Thanks [@WangRongsheng](https://github.com/WangRongsheng), you can also run our code on [Colab](https://colab.research.google.com/drive/1OK4kYsZphwt5DXchKkzMBjYF6jnkqh4R?usp=sharing)


### Training
The training of MiniGPT-4 contains two alignment stages.

**1. First pretraining stage**

In the first pretrained stage, the model is trained using image-text pairs from Laion and CC datasets
to align the vision and language model. To download and prepare the datasets, please check 
our [first stage dataset preparation instruction](dataset/README_1_STAGE.md). 
After the first stage, the visual features are mapped and can be understood by the language
model.
To launch the first stage training, run the following command. In our experiments, we use 4 A100. 
You can change the save path in the config file 
[train_configs/minigpt4_stage1_pretrain.yaml](train_configs/minigpt4_stage1_pretrain.yaml)

```bash
torchrun --nproc-per-node NUM_GPU train.py --cfg-path train_configs/minigpt4_stage1_pretrain.yaml
```

A MiniGPT-4 checkpoint with only stage one training can be downloaded 
[here (13B)](https://drive.google.com/file/d/1u9FRRBB3VovP1HxCAlpD9Lw4t4P6-Yq8/view?usp=share_link) or [here (7B)](https://drive.google.com/file/d/1HihQtCEXUyBM1i9DQbaK934wW3TZi-h5/view?usp=share_link).
Compared to the model after stage two, this checkpoint generate incomplete and repeated sentences frequently.

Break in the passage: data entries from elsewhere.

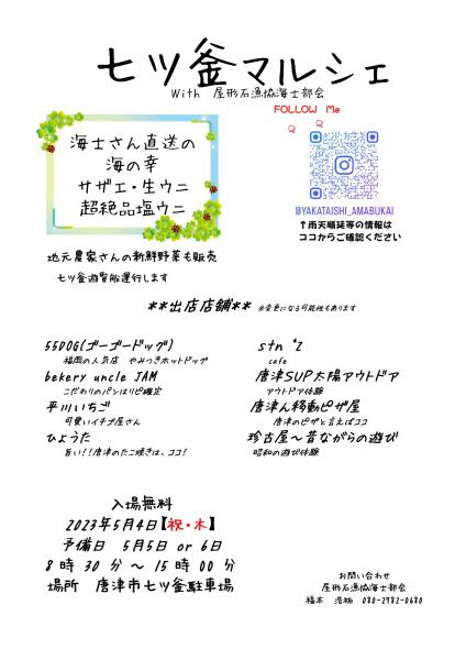 電話番号 080-2782-0680(屋形石漁協海士部会 福本)
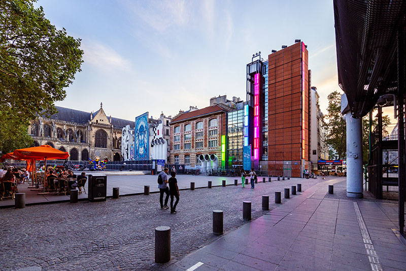Installation visuelle des artistes AROTIN & SERGHEI sur la façade de l'Ircam durant le festival ManiFeste, 2021
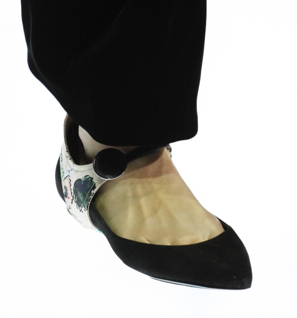 La donna firmata Giorgio Armani sfoggia delicate flat shoes in velluto ed eleganti handbag in pelle nera, pochette con dettagli shining e mini clutch con decori floreali.
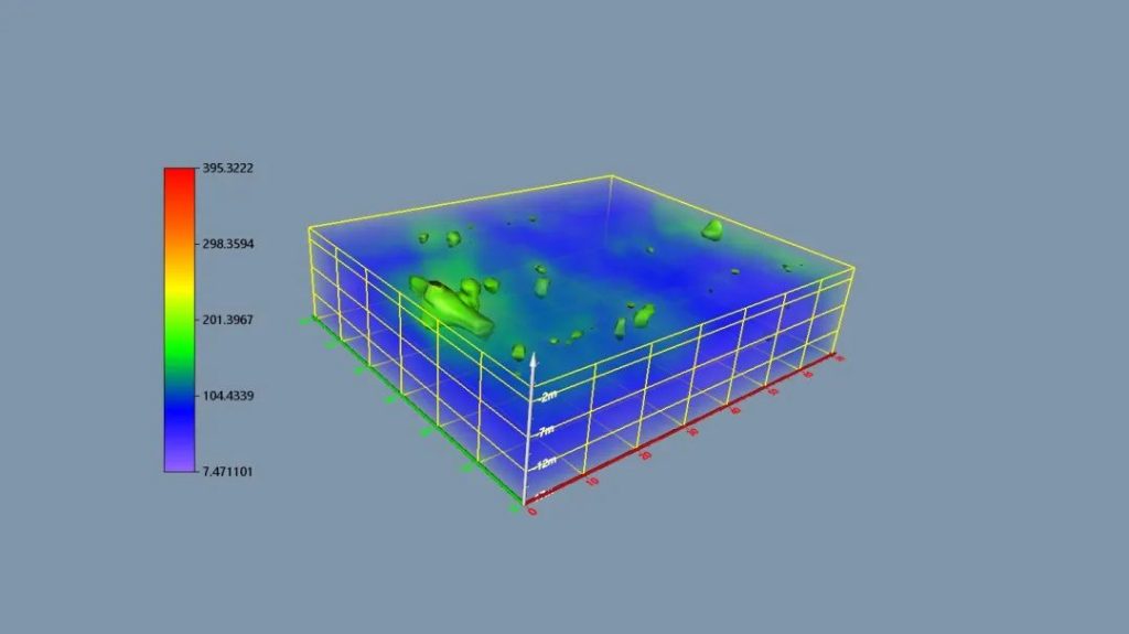 在工地现场,每组勘探使用6个模块同时工作,使用专用地质数据分析软件处理,得到位置、深度与反射系数、主频的对应关系,最后输出二维地震反射波成像成果图与三维地球物理模型。输出图像总体上呈蓝色低频背景,表明地下整体相对均匀,未发现新的管线及地下设施。测区北侧区域局部有绿色高频异常,推测为人工建筑物残余的反应。
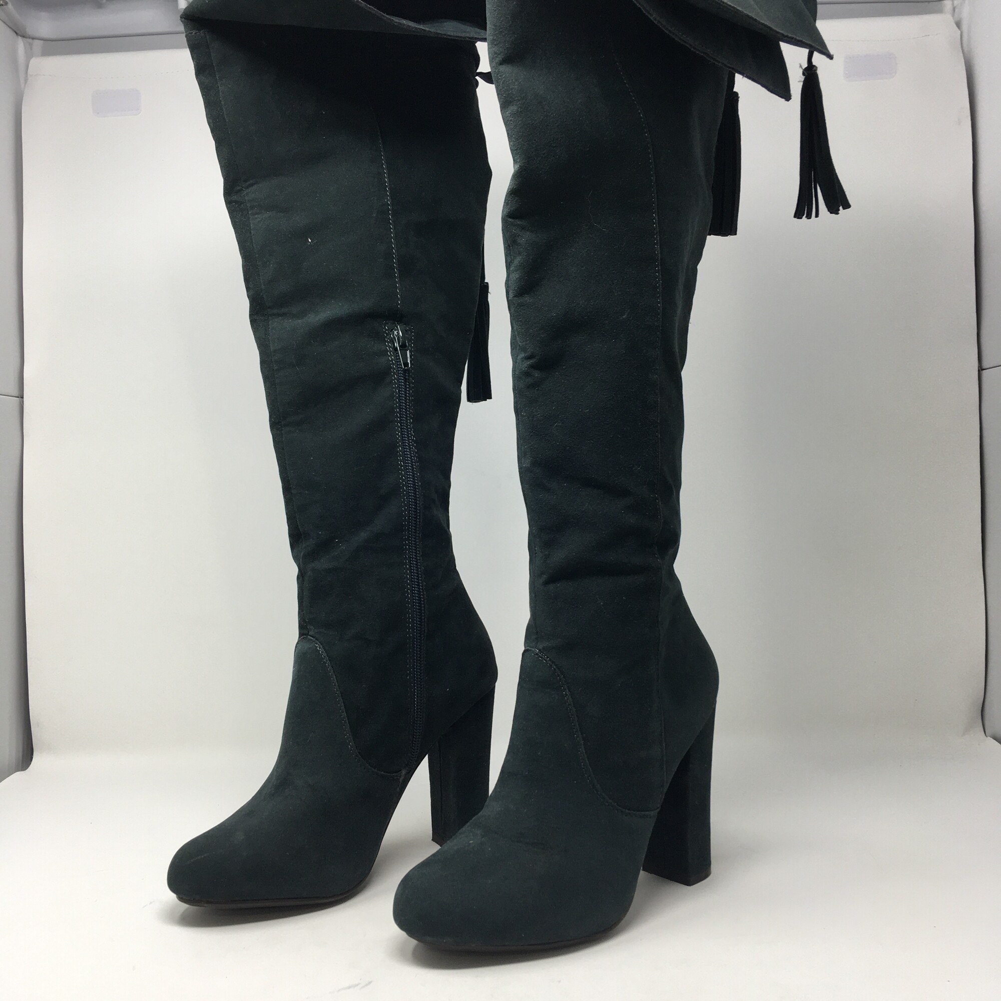 Thigh-high boot features a cute tassel accent in the back and a narrow block heel for comfort. Vegan Faux-suede textile, Forest Greeen,
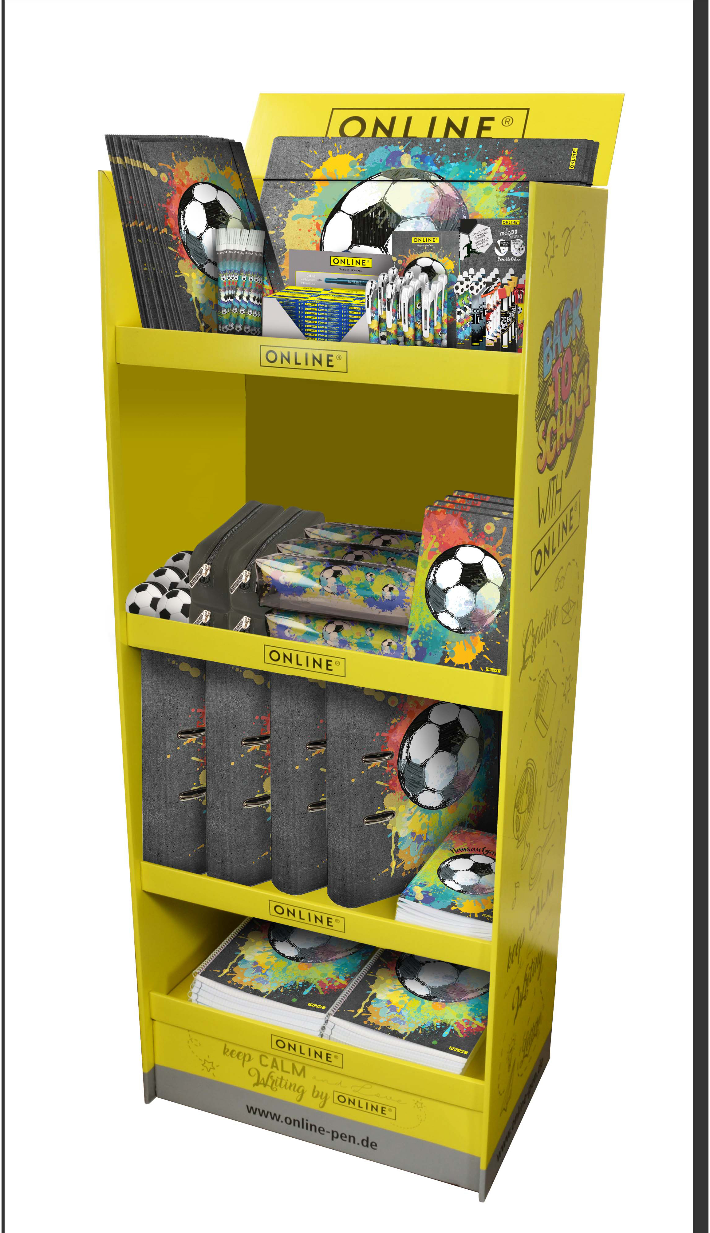 Cool, sportlich, angesagt – diese Serie bringt mit ihren starken Fussball-Designs jede Menge Bewegung ins Schuljahr. Verschiedene Artikel in Bodenaufsteller
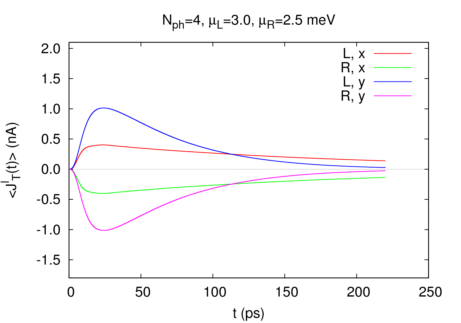 Á næstu tveimur myndum eru heildarstraumarnir inn í kerfið vinstra megin og út úr kerfinu hægra megin sýndir sem fall af tíma fyrir mismunandi upphaflegan ljóseindafjölda í því. Í upphafi eru engar rafeindir inni í kerfinu. Þess vegna flæða rafeindir inn í það frá báðum áttum og hægri straumurinn JR er neikvæður í upphafi. Hér virðast straumarnir stefna á gildi sem gefa til kynna engan heildarstraum í gegnum kerfið þegar kerfið er komið í stöðugt ástand. Þetta er vegna þess að kerfið er lítið og rafeindin í kerfinu kemur í veg fyrir að sú næsta komi inn í það. Fyrirbærið kallast Coulomb-lokun. Hægt er að yfirvinna hana með hærri forspennu á kerfið.
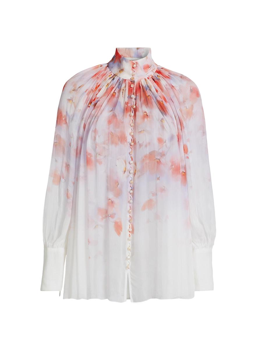 This Crush shirt from Zimmermann features a watercolor floral print, smocked yoke, and button-front closure. Stand collar Long sleeves, button cuffs Gathered yoke Button-front closure 100% viscose Lining: 86% polyester/14% elastane Dry clean Imported SIZE & FIT About 27.5 from shoulder to hem Model measurements: 510 tall Model is wearing a US size 4 ABOUT THE BRAND Australian founders and sister-duo Nicky and Simone Zimmermann design with a signature feminine aesthetic, each piece rife with tiers of fabric, rich embroidery and splashy prints. From ruffled bikinis and beachwear to luxe, intricately patterned maxi (and mini) dresses, everything is overtly romantic in the most elevated, effortless way. Contemporary Sportswear - Zimmermann > Zimmermann > Saks Fifth Avenue > Barneys. Zimmermann. Color: Scarlet Floral. Size: 10.
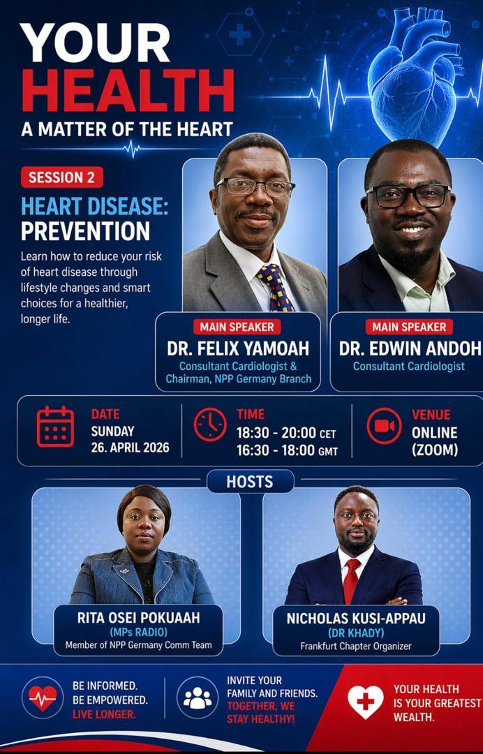 The webinar, is being organized under the leadership of Dr. Felix Yamoah, who also serves as Chairman of the NPP Germany Branch, and seeks to bridge the gap between medical expertise and public awareness, particularly among Ghanaians at home and in the diaspora.
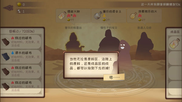 3、炼好之后,直接把成品拖给对应的顾客,这单生意就算完成了,钱也到手了。另外,不管是原料区的材料,法阵上的,还是成品,只要不想要,都可以直接拖到屏幕最下面扔掉。还有,顾客的耐心是有限的,而且每个人都有自己的特性,想看具体信息就长按那个顾客。
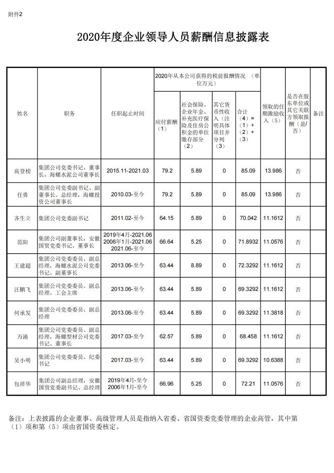 2020年度企業(yè)領(lǐng)導(dǎo)人員薪酬信息披露表

**2. Second finetuning stage**

In the second stage, we use a small high quality image-text pair dataset created by ourselves
and convert it to a conversation format to further align MiniGPT-4.
To download and prepare our second stage dataset, please check our 
[second stage dataset preparation instruction](dataset/README_2_STAGE.md).
To launch the second stage alignment, 
first specify the path to the checkpoint file trained in stage 1 in 
[train_configs/minigpt4_stage1_pretrain.yaml](train_configs/minigpt4_stage2_finetune.yaml).
You can also specify the output path there. 
Then, run the following command. In our experiments, we use 1 A100.

```bash
torchrun --nproc-per-node NUM_GPU train.py --cfg-path train_configs/minigpt4_stage2_finetune.yaml
```

After the second stage alignment, MiniGPT-4 is able to talk about the image coherently and user-friendly. 




## Acknowledgement

+ [BLIP2](https://huggingface.co/docs/transformers/main/model_doc/blip-2) The model architecture of MiniGPT-4 follows BLIP-2. Don't forget to check this great open-source work if you don't know it before!
+ [Lavis](https://github.com/salesforce/LAVIS) This repository is built upon Lavis!
+ [Vicuna](https://github.com/lm-sys/FastChat) The fantastic language ability of Vicuna with only 13B parameters is just amazing. And it is open-source!


If you're using MiniGPT-4 in your research or applications, please cite using this BibTeX:
```bibtex
@article{zhu2023minigpt,
  title={MiniGPT-4: Enhancing Vision-Language Understanding with Advanced Large Language Models},
  author={Zhu, Deyao and Chen, Jun and Shen, Xiaoqian and Li, Xiang and Elhoseiny, Mohamed},
  journal={arXiv preprint arXiv:2304.10592},
  year={2023}
}
```


## License
This repository is under [BSD 3-Clause License](LICENSE.md).
Many codes are based on [Lavis](https://github.com/salesforce/LAVIS) with 
BSD 3-Clause License [here](LICENSE_Lavis.md).